What Is AWS Athena: 9 Features, Pricing [Athena Tutorial]

What Is AWS Athena? Are you looking for an effective data analysis solution to improve your business decision-making? Amazon Athena is a perfect solution for your organization.

Are you planning to use Amazon Athena? This guide will walk you through:

The Definition of Amazon Athena
What Is AWS Athena
How Amazon Athena Works
Features of Amazon Athena
Things to Consider Before Investing in Amazon Athena

What Is AWS Athena?

AWS Athena can be defined as an interactive query service that seamlessly utilizes standard SQL (Structured Query Language) to effectively analyze the data stored in AWS S3 (Simple Storage Service).

It was primarily designed to simplify the entire analysis process for AWS S3 data.

To get started, you simply need to launch your Amazon Management Console, target the data in AWS S3 through Amazon Athena, and ultimately run standard SQL queries.

In no more than a couple of seconds, the AWS Athena Query results will be retrieved.

When understanding AWS Athena, you’ll also be interested in knowing that the solution is not only serverless but is also programmed for automated scaling.

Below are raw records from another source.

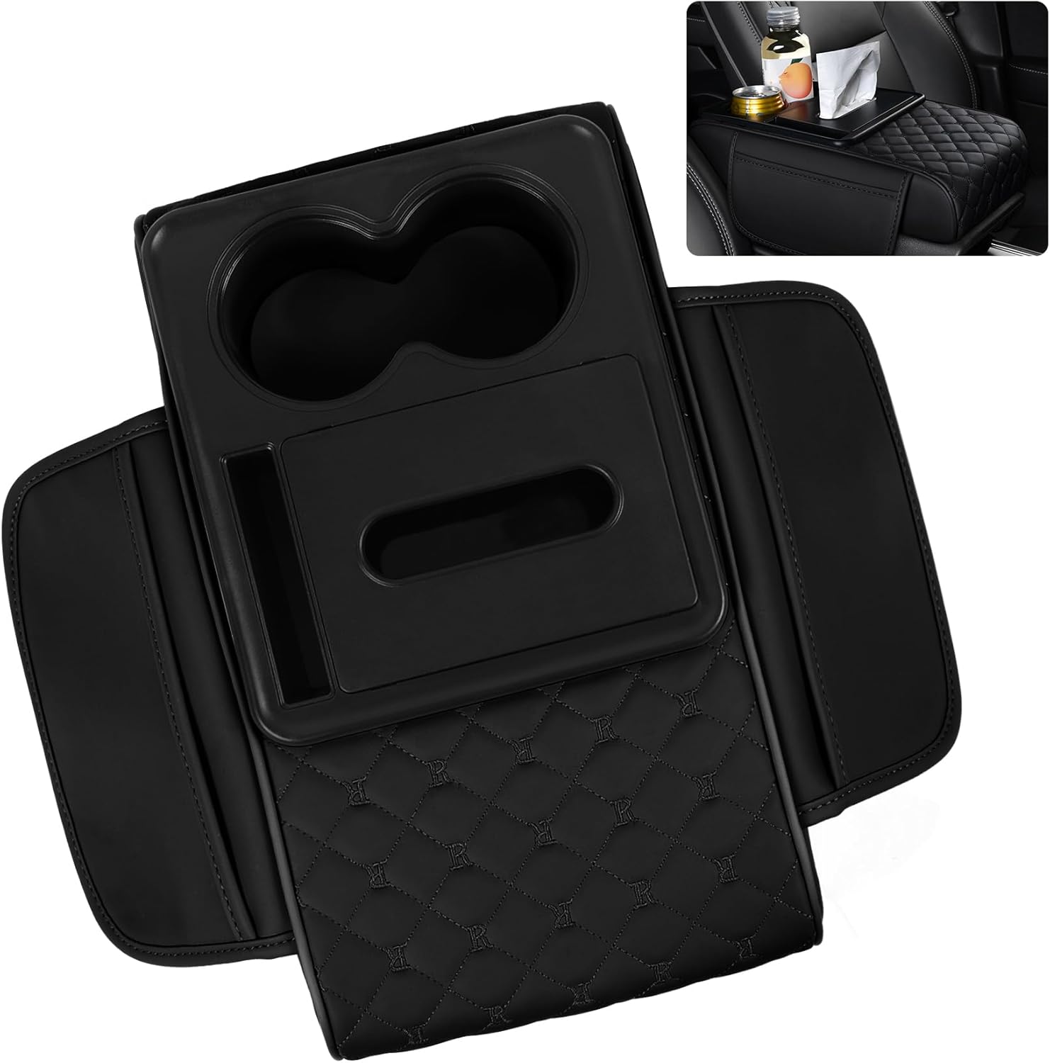 - 5-in-1 Multifunctional Design: Our car center console cover features 2 cup holders (2.8 inches in diameter), or 2 beverages, 1 phone slot (6.4 inches), 1 tissue box (5.3 x 3.5 x 2.4 inches), and 2 side pockets (7.8 x 5.1 inches) for storing keys, coins, credit cards, and other small essentials – all complemented by a supportive armrest pad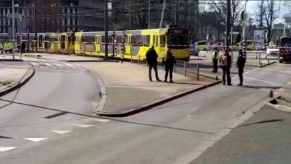Las imágenes muestran a la policía acordonando el área cerca de un tranvía.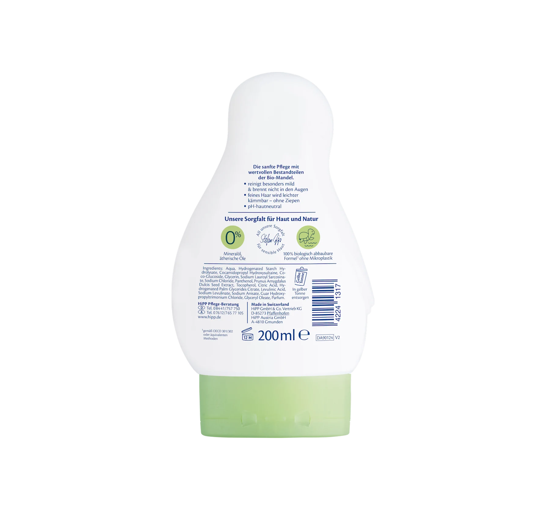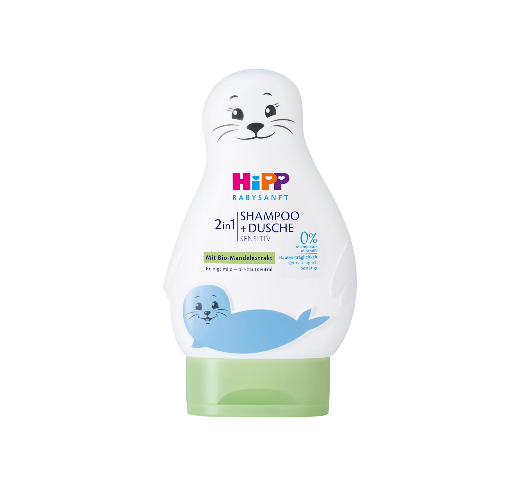 El gel de ducha suave 2 en 1 de HiPP Babysanft con champú para pieles sensibles limpia con suavidad la piel sensible y el cabello fino de los niños. Tiene pH neutro y no irrita. Además, facilita...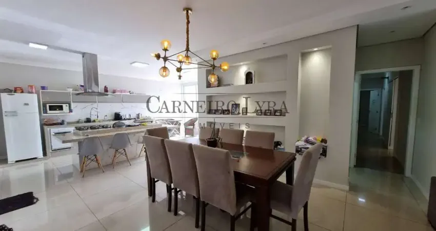 Garagem coberta com até 3 vagas. Hall de entrada, sala de estar ampla, com até dois ambientes, jardim de inverno, sala de jantar e cozinha com ilha e armários planejados. Lavabo.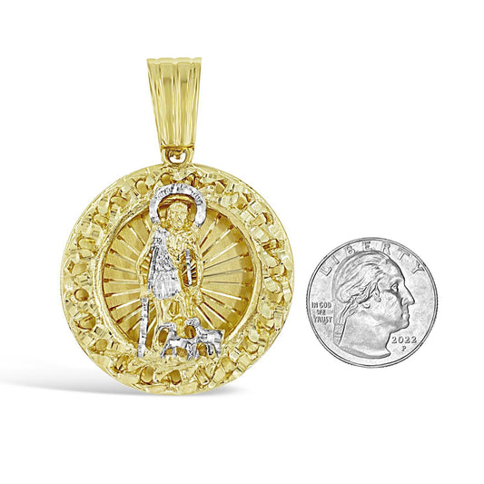 Saint Lazarus Pendant Medallion 10k Two Tone Gold Charm 2.4 inch
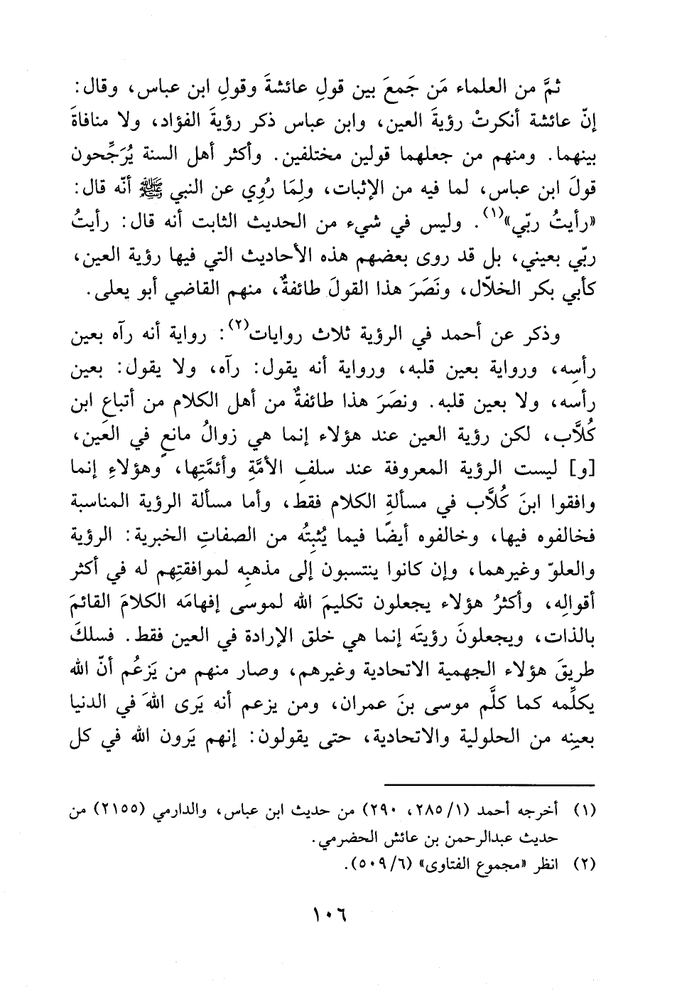 وذكر عن أحمد في الرؤية ثلاث روايات (2): رواية أنه رآه بعين رأسِه، ورواية بعين قلبه، ورواية أنه يقول: رآه، ولا يقول: بعين رأسه، ولا بعين قلبه. ونصَرَ هذا طائفةٌ من أهل الكلام من أتباع ابن كُلاَّب، لكن رؤية العين عند هؤلاء إنما هي زوالُ مانع في العَين، [و] ليست الرؤية المعروفة عند سلفِ الأمَّةِ وأئمَّتِها، وهؤلاءِ إنما وافقوا ابنَ كُلاَّب في مسألة الكلام فقط، وأما مسألة الرؤية المناسبة فخالفوه فيها، وخالفوه أيضًا فيما يُثبتُه من الصفاتِ الخبرية: الرؤية والعلوّ وغيرهما، وإن كانوا ينتسبون إَلى مذهبه لموافقتِهم له في أكثر أقوالِه، وأكثرُ هؤلاء يجعلون تكليمَ الله لموسَى إفهامَه الكلامَ القائمَ بالذات، ويجعلونَ رؤيتَه إنما هي خلق الإرادة في العين فقط. فسلكَ طريقَ هؤلاء الجهمية الاتحادية وغيرهم، وصار منهم من يَزعُم أنّ الله يكلِّمه كما كلَّم موسى بنَ عمران، ومن يزعم أنه يَرى الله في الدنيا بعينه من الحلولية والاتحادية، حتى يقولون: إنهم يَرون الله في كل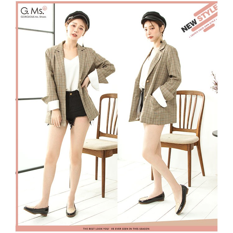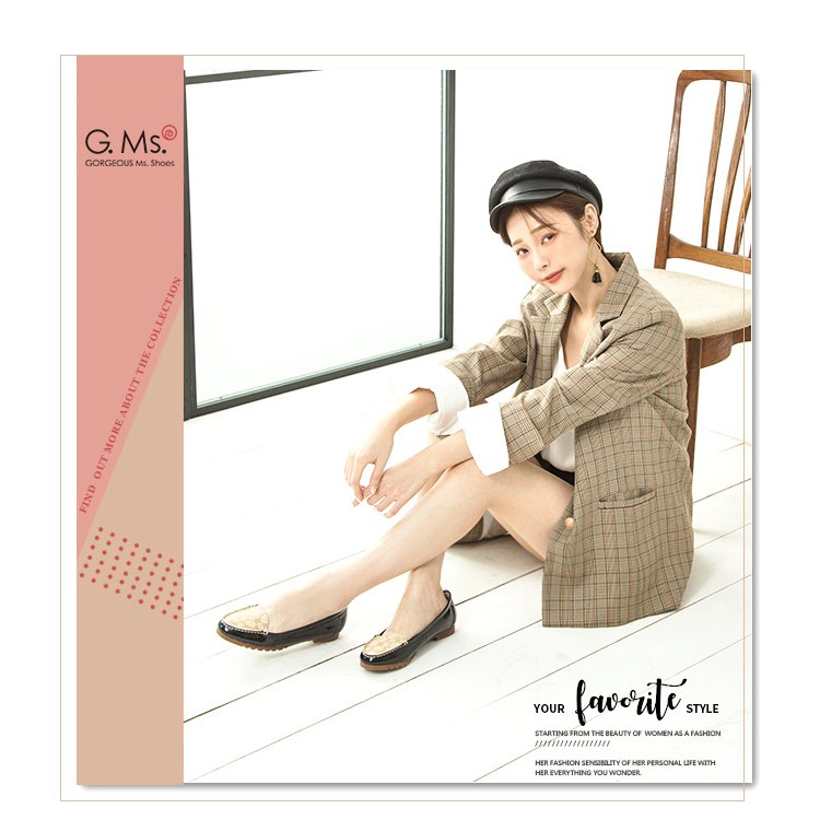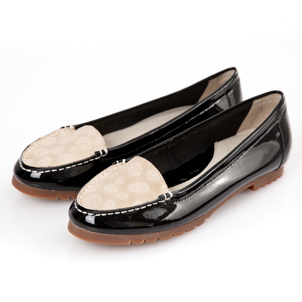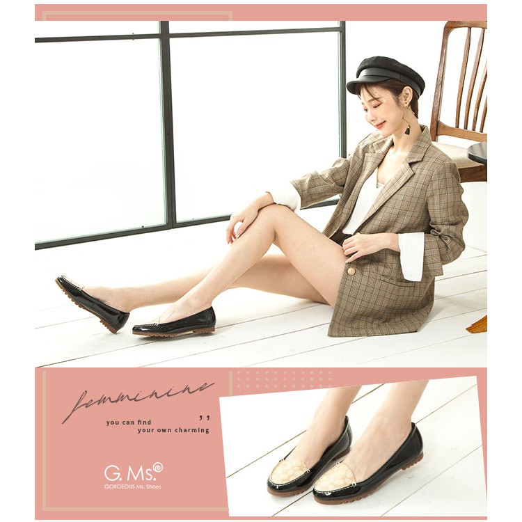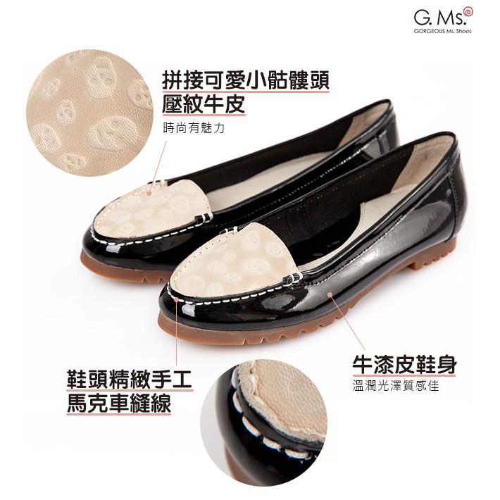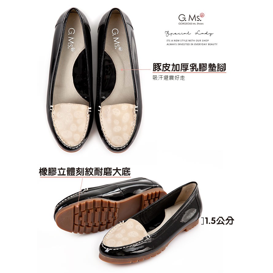 G.Ms. 漆皮拼接壓紋牛皮莫卡辛平底鞋-黑色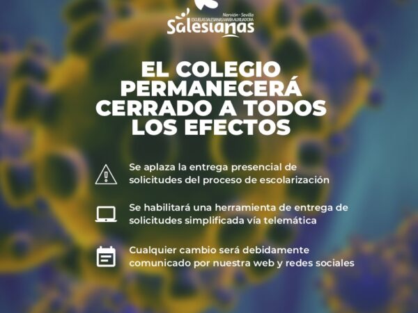Leer Más 25/abril 2020 Auxi y Bosco "El Coronavirus" Leer Más 18/marzo 2020 Tutorial para la Solicitud de admisión Leer Más 17/marzo 2020 Aclaración de admisión 2020-21 Leer Más 15/marzo 2020 El colegio permanecerá cerrado a todos los efectos Leer Más 12/marzo 2020 Suspensión presencial de la actividad docente Leer Más 11/marzo 2020 Centro mediador certificado Leer Más 08/marzo 2020 COVID-19 - Mensaje de la dirección Leer Más 08/marzo 2020 Momentos de cambios y posturas políticas que afectan considerablemente a nuestras instituciones educativas y colegios Leer Más 04/marzo 2020 DECRETO ESCOLARIZACIÓN Leer Más 27/febrero 2020 Comunicaciones marzo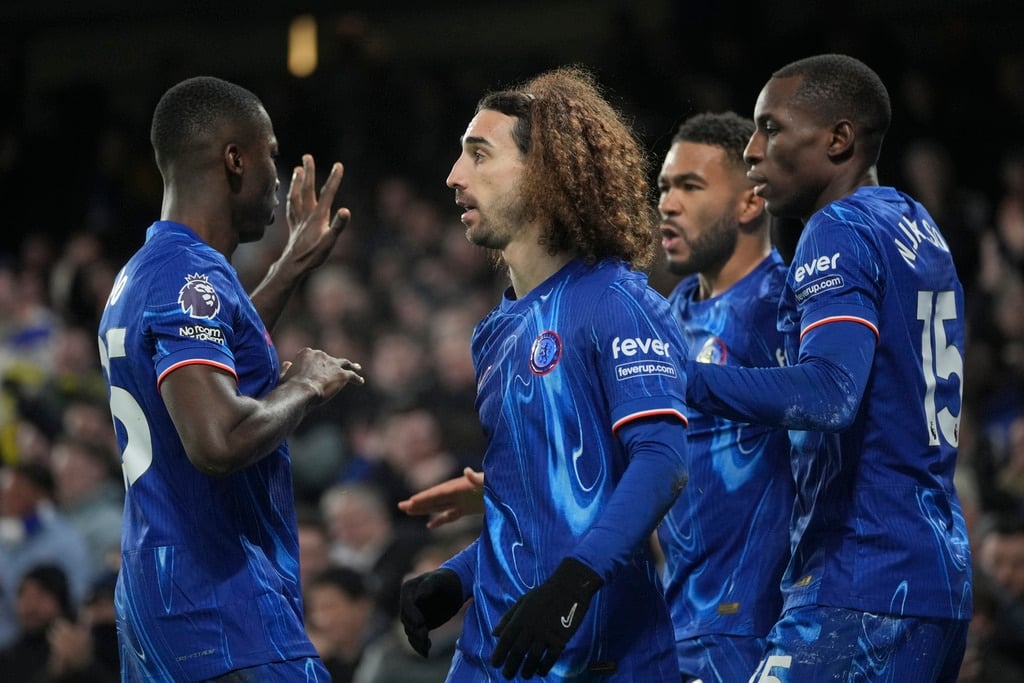 Chelsea’s Marc Cucurella, right, celebrates with teammates after scoring his side’s second goal during the English Premier League soccer match between Chelsea and Wolverhampton at Stamford Bridge stadium in London, Monday, Jan. 20, 2025. (AP Photo/Kin Cheung)

Its serverless nature also means that there won’t be any need to establish or maintain infrastructure.

Thanks to the auto-scaling feature, you should be able to run your queries simultaneously and generate quick results, even when working with large data sets and complex queries.

As for Amazon Athena pricing, you’re only charged for the queries you run. Thus, for businesses using AWS S3, it’s a highly inexpensive service.

Now that you have a basic idea about the AWS Athena, let’s find out how it works:

How Does AWS Athena Work

Suppose your data is stored in S3 as objects. This data can be in a variety of semi-structured or structured formats, such as columnar files like Apache ORC or Apache Parquet, plaintext files like JSON and CSV, and AWS service and application logs.

Following the squaring away of your data, a table needs to be created in Athena.

This includes a location for the data within S3 and a schema showing how the data is organized.
However, the table won’t host any data. The Apache Hive DDL that resembles SQL is used to define the tables.
In the end, a query is written and executed in standard ANSI SQL. Running in parallel, the query will then be distributed over thousands of cores in an AWS-managed computing pool.
Reading the data from S3, the cores execute the query and provide the results.
To deliver all this, AWS Athena relies on an open-source distributed SQL engine known as Presto, which is targeted toward petabyte-scale queries.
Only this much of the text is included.